3.1.10. Cister: cis-element cluster finder
Cister is based on the technique of posterior decoding, with Hidden Markov model and predicts regulatory regions in DNA sequences by searching for clusters of cis-elements (Frith et al., 2001). The Cister input page consists of 16 common TF sites to define a cluster and additional user defined PWM or TRANSFAC entries can also be entered. For web based analysis maximum input sequence length is 100 kb, however, the program is downloadable for standalone applications and analysis of longer sequences.
MAPPER stands for Multi-genome Analysis of Positions and Patterns of Elements of Regulation It is a platform for the computational identification of TF binding sites in multiple genomes (Marinescu et al., 2005). The MAPPER consists of three modules, the MAPPER database, the Search Engine, and rSNPs and combines TRANSFAC and JASPAR data. However, MAPPER database is limited to TFBSs found only in the promoter of genes from the human, mouse and D.melanogaster genomes.
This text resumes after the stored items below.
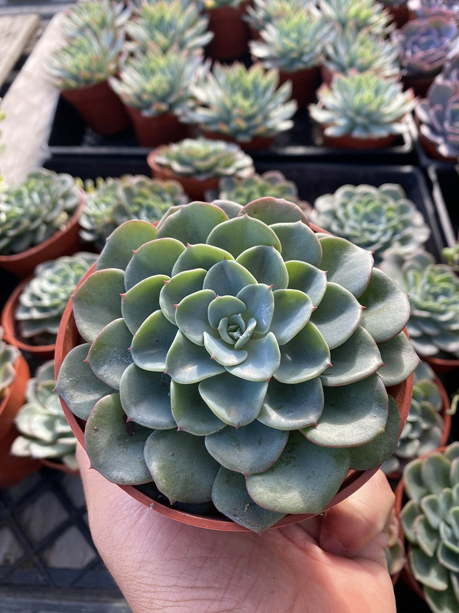 The 4″ Echeveria Swirls offers mesmerizing rosettes with delicate, swirled patterns in soft pastel colors, perfect for captivating retail garden center customers looking for trendy, easy-care plants. Enhance tablescapes or window displays with its elegant flair. Water: 2, Light: 3, General Care: 1
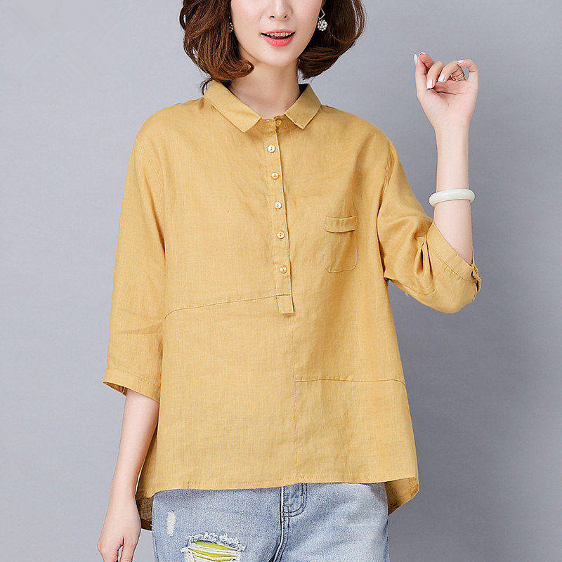 Летняя тонкая рубашка, из хлопка и льна, оверсайз
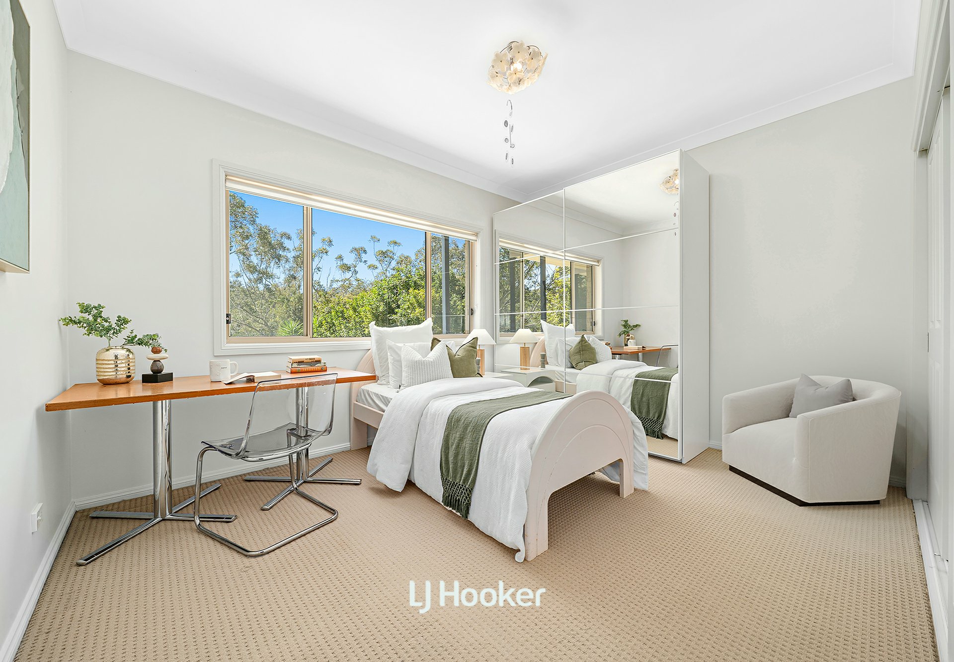 The main level brings together a choice of living and dining spaces, with a formal lounge and dining area, a welcoming family room and casual meals area. At the heart of the home, the generous kitchen provides abundant storage, expansive benchtops, and a breakfast bar, all opening onto an elevated terrace that takes in sweeping leafy views, perfect for entertaining or simply enjoying the serenity.
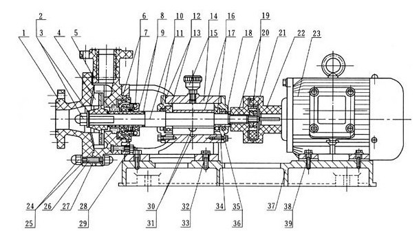 6、如果更換滾珠軸承或泵軸時(shí),必須折下機(jī)架,松開前端軸承蓋4只螺釘,折下泵軸后端園螺母和聯(lián)軸節(jié),將泵軸向前端方向打出即可,再后折下后端軸封蓋。
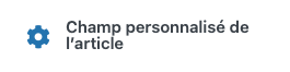 Une fois les données entrées dans les champs d’une fiche, on voudra les utiliser quelque part, que ce soit dans un modèle de page ou dans un modèle de grille (dans le menu de gauche de WordPress: *Nom du site* > Grilles). Pour aller chercher les valeurs saisies dans chaque champ et ainsi créer une disposition qui sera empruntée par chaque fiche pour afficher son contenu, nous aurons besoin du bloc Champ personnalisé de l’article (autant dans le Page Builder que dans l’éditeur de modèles de Grilles).
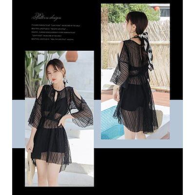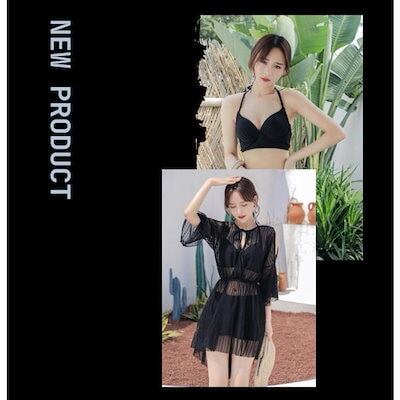 水着 レディース 3点セット 夏 小胸 バンドゥ 水着セット ビキニ パレオ 大きいサイズ リゾート パッド付き 韓国風 体型カバー 日焼け防止 20代 30代 40代 50代

Like Cister, Stubb also uses hidden Markov models (HMM) to obtain a statistically significant score for modules (Sinha et al., 2006). STUBB is more suitable for finding modules over genomic scales with small set of transcription factors whose binding sites are known. Stubb differs from MAPPER in that the application of latter is limited to binding sites of a single given motif in an input sequence.
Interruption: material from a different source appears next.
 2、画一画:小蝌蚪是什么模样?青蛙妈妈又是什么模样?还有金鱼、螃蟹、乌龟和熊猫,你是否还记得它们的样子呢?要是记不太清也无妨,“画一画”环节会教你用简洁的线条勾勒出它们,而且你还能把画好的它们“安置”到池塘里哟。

Clover is another program for identifying functional sites in DNA sequences. It take a set of DNA sequences that share a common function, compares them to a library of sequence motifs (e.g. transcription factor binding patterns), and identifies which, if any, of the motifs are statistically overrepresented in the sequence set (Frith et al., 2004). It requires two input files one for sequences in fasta format and another for sequence motif. Clover provides JASPAR core collection of TF binding sites that can be converted to clover format. Clover is also available as standalone application for windows, Linux as well as Mac operating systems.
Regsite consists of plant specific largest repository of transcription factor binding sites. Current RegSite release contains 1816 entries. It is used by transcription start site prediction programs (Sinha et al., 2006).
JPREdictor is a JAVA based cis-regulatory TF binding site prediction program (Fiedler and Rehmsmeier, 2006). The JPREdictor can use different types of motifs: Sequence Motifs, Regular Expression Motifs, PSPMs as well as PSSMs and the complex motif type (MultiMotifs). This tool can be used for the prediction of cis-regulatory elements on a genome-wide scale.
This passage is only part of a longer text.